"I don't know what Sylvia will say!" sighed Mrs. Lindsay, who half repented of parting with her darling. "I'm afraid she will never forgive us."

"I shouldn't ask her," replied Aunt Louisa firmly. "She will like it very much when once she gets there, and the improvement which it will make in her is well worth a few tears at the start. I beg, Blanche, that you will not be foolish now, and stand in the way of the child's real good."

"I'll try not," said poor Mrs. Lindsay, wiping her eyes; "but when you've only the one, and she's never been away from you before, it seems so hard to let her go."

"Oh, you'll get over that! I felt just the same when Cuthbert first went to school, and I'm quite accustomed to it now. We can't expect to keep our children always tied to our apron strings."

"I suppose not, but boys are different from girls, and Sylvia has been such a pet. If she's not happy at Heathercliffe House she'll simply make herself ill with fretting, and the cure will be worse than the disease."

"I'm sure she will not do so.
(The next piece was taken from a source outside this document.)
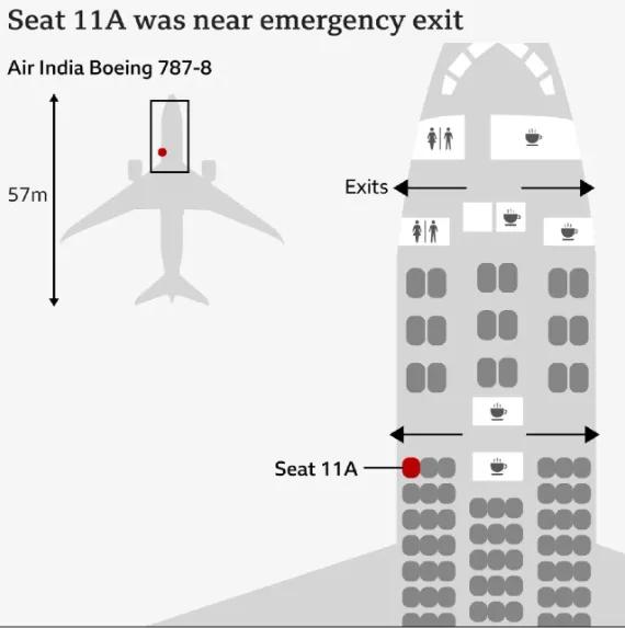 印度航空座位图,红色为生还者座位

She will be so interested in her work and her new companions that, after the first few days of homesickness are over, she will settle down and like her fresh life immensely."

"You really think so?" said Mrs. Lindsay. "Well, the decision is made and I suppose we must keep to it now; but I'm dreading the moment when I shall have to break the news to her."

To Sylvia the announcement came as a great shock. She was totally unprepared for it, and the idea of such a sudden change was anything but a welcome one. When she fully understood that in one short week she was to be banished to a strange place, among people whom she had never seen, she clung to her mother in such a passion of tears that if it had not been for the thought of what Aunt Louisa would say, Mrs. Lindsay would have yielded and have begged her husband to keep the child at home after all. As it was, she did her best to soothe her, and to paint the future in as bright colours as her fancy could depict.

"I'll never be happy again, never!" sobbed Sylvia. "I shall be as miserable as Evelyn in The Little Heiress or Rosalie in The Orphan Cousin. They both broke their hearts until the last chapter, and so shall I."

"Nonsense, darling, you must try to be brave! Heathercliffe House is a most charming school, and I'm sure you will be happy. You'll find ever so many nice little girls of about your own age who will be ready to make friends with you, and there will be plenty of fun going on as well as lessons. I want you to make some more friends."